• _Problem_
Print the whole listing again exactly, keeping no pictures in it.

• _Data extract_
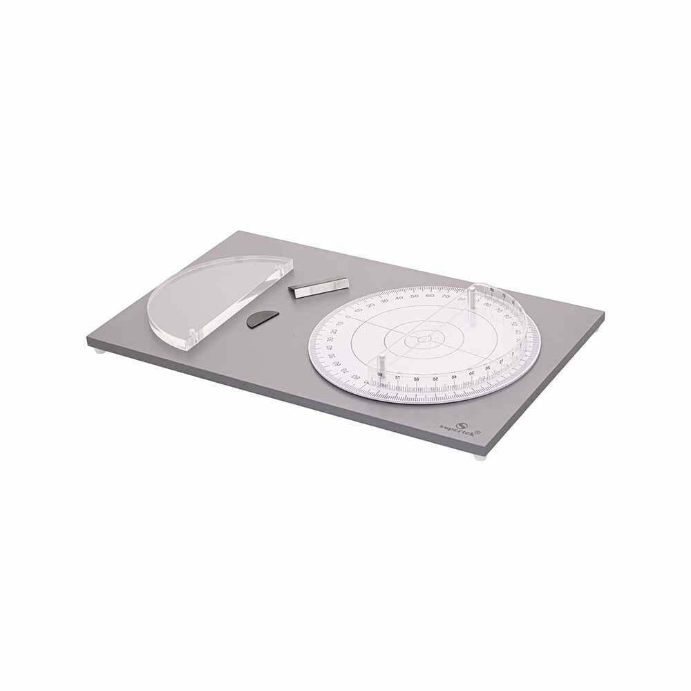 This optical kit helps students study the important wave properties- Reflection and Refraction. The kit consists of a wooden base and rotating platform. The rotating platform provides a high degree of accuracy when making angular measurements as well as easy rotation without disturbing the light source. The kit also includes one semicircular acrylic lens, one semicircular transparent tank, one mirror with support and one small metal protractor. Light source is not included.
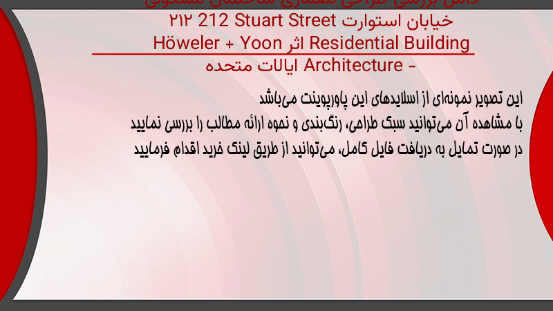 پاورپوینت کامل بررسی طراحی معماری ساختمان مسکونی خیابان استوارت ۲۱۲ ۲۱۲ Stuart Street Residential Building اثر Höweler + Yoon Architecture – ایالات متحده
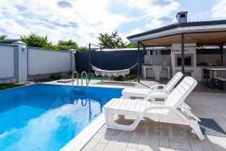 Зона барбекю, выложена профессионалом с учетом всех нюансов, для удобства в приготовлении дополнительно установлена электроплита и раковина с подводом горячей воды и всё это рядом с бассейном, что создаёт уют и незабываемую атмосферу.
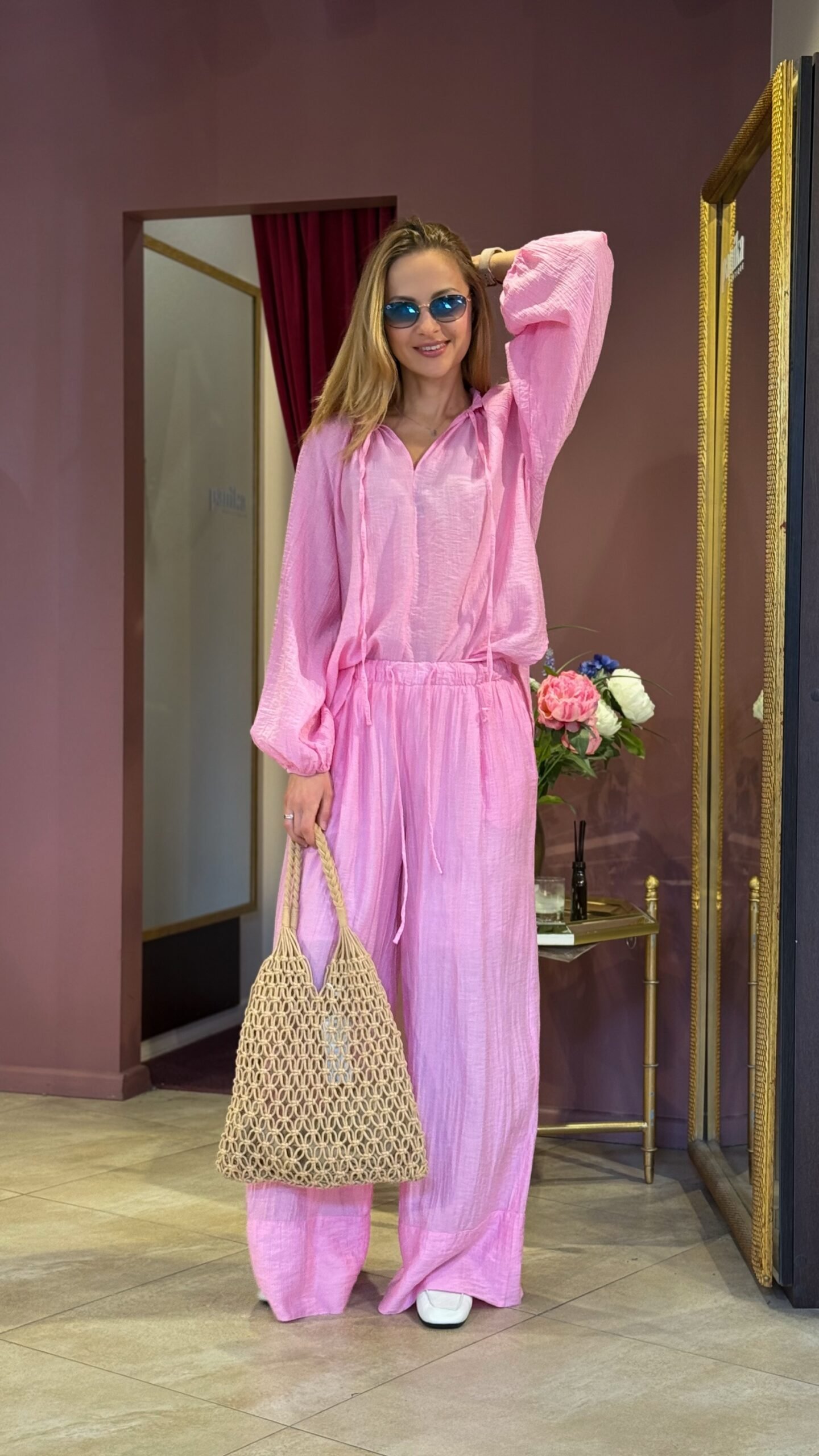 Puikiai dera su ta pačia rožine palaidine kaip komplektas, baltu topu ar marškinėliais. Labai patogus ir vasariškas pasirinkimas kasdienai.

• _Answer space_
 This optical kit helps students study the important wave properties- Reflection and Refraction. The kit consists of a wooden base and rotating platform. The rotating platform provides a high degree of accuracy when making angular measurements as well as easy rotation without disturbing the light source. The kit also includes one semicircular acrylic lens, one semicircular transparent tank, one mirror with support and one small metal protractor. Light source is not included.
 پاورپوینت کامل بررسی طراحی معماری ساختمان مسکونی خیابان استوارت ۲۱۲ ۲۱۲ Stuart Street Residential Building اثر Höweler + Yoon Architecture – ایالات متحده
 Зона барбекю, выложена профессионалом с учетом всех нюансов, для удобства в приготовлении дополнительно установлена электроплита и раковина с подводом горячей воды и всё это рядом с бассейном, что создаёт уют и незабываемую атмосферу.
 Puikiai dera su ta pačia rožine palaidine kaip komplektas, baltu topu ar marškinėliais. Labai patogus ir vasariškas pasirinkimas kasdienai.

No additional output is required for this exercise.